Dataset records
————
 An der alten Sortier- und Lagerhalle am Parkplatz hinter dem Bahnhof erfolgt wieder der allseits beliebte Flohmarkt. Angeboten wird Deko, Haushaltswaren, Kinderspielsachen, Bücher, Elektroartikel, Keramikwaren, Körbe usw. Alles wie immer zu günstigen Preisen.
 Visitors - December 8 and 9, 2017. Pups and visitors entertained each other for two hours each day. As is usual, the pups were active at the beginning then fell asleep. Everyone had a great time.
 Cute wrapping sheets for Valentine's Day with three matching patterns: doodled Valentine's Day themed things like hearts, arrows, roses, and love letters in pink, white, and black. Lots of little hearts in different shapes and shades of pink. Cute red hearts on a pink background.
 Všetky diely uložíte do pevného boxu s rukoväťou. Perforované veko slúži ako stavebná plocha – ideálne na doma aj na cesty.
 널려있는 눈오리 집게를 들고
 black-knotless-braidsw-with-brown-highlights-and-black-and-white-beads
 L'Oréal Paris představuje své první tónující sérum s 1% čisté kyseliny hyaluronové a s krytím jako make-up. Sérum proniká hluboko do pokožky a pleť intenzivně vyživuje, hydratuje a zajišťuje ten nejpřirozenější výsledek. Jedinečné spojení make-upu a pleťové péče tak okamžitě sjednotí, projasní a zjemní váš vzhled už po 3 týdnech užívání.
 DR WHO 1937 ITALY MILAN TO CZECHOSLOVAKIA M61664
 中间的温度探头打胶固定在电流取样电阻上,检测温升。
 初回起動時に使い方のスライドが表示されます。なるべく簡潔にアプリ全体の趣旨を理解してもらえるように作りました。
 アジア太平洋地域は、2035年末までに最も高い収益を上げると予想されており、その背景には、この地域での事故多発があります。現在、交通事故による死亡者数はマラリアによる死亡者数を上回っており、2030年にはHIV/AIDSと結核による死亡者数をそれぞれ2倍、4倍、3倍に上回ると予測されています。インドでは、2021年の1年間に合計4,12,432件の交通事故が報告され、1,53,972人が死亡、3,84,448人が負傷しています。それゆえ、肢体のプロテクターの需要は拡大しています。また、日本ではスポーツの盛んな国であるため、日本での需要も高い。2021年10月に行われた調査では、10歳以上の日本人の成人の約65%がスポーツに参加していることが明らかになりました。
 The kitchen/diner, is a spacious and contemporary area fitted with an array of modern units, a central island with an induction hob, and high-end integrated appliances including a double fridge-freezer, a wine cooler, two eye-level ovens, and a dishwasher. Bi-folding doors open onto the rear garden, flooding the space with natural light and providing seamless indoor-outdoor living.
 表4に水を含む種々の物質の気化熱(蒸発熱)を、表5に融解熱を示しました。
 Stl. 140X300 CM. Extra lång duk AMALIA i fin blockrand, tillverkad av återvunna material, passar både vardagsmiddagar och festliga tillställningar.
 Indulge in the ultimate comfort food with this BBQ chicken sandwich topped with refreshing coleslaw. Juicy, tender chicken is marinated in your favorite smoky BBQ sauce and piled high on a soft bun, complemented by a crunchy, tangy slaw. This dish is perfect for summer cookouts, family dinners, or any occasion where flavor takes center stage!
————
*Task goal*. The answer must consist of every line from the entries above that contains the string "white".

*Solution to this exercise*.
 Cute wrapping sheets for Valentine's Day with three matching patterns: doodled Valentine's Day themed things like hearts, arrows, roses, and love letters in pink, white, and black. Lots of little hearts in different shapes and shades of pink. Cute red hearts on a pink background.
 black-knotless-braidsw-with-brown-highlights-and-black-and-white-beads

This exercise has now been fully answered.